The output should look like the following:

sqlite> select * from size_of_dogs;
abraham|toy
barack|standard
clinton|standard
delano|standard
eisenhower|mini
fillmore|mini
grover|toy
herbert|mini

Problem 2: By Parent Height (100 pts)

Create a table by_parent_height that has a column of the names of all dogs that have a parent, ordered by the height of the parent from tallest parent to shortest parent.

-- All dogs with parents ordered by decreasing height of their parent
CREATE TABLE by_parent_height AS
  SELECT "REPLACE THIS LINE WITH YOUR SOLUTION";

For example, fillmore has a parent (eisenhower) with height 35, and so should appear before grover who has a parent (fillmore) with height 32.

sqlite> select * from by_parent_height;
herbert
fillmore
abraham
delano
grover
barack
clinton

Hint: You might want to review the joins section.

Problem 3: Sentences (100 pts)

There are two pairs of siblings that have the same size. Create a table that contains a row with a string for each of these pairs.
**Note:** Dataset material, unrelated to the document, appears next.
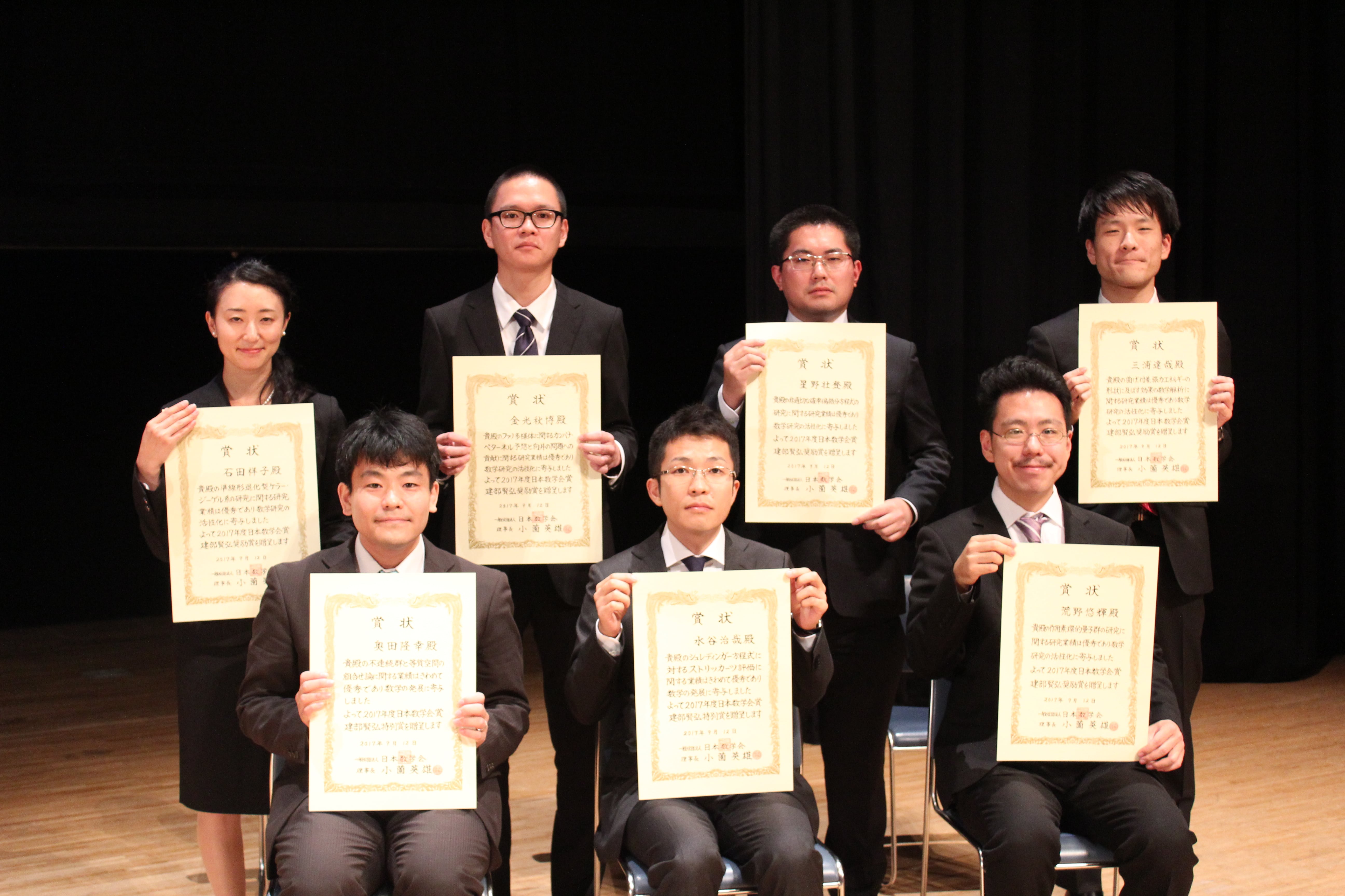 建部賢弘賞には特別賞と奨励賞の2種類があります。特別賞は優秀な業績を挙げた 35 歳以下の数学会員に,奨励賞は将来性に溢れる研究を行なっている 30 歳以下の会員に授与されます。ただし種々の困難のもとで数学の研究を続け日本数学会の活性化に寄与した会員に対しては,上の規定にかかわらず年齢制限を設けず特別賞・奨励賞の対象に加えることになっています。授賞の人数は特別賞が年3名程度,奨励賞は年5名程度とし,授賞式は秋季総合分科会において執り行います。

Each string should be a sentence describing the siblings by their size.

-- Sentences about siblings that are the same size
CREATE TABLE sentences AS
  SELECT "REPLACE THIS LINE WITH YOUR SOLUTION";

Each sibling pair should appear only once in the output but in any order, and siblings should be listed in alphabetical order (e.g. "barack plus clinton..." instead of "clinton plus barack..."), as follows:

sqlite> select * from sentences;
The two siblings, barack plus clinton have the same size: standard
The two siblings, abraham plus grover have the same size: toy

Hint1: First, create a helper table containing each pair of siblings. This will make comparing the sizes of siblings when constructing the main table easier.

Hint2: If you join a table with itself, use AS within the FROM clause to give each table an alias.

Hint3: In order to concatenate two strings into one, use the || operator.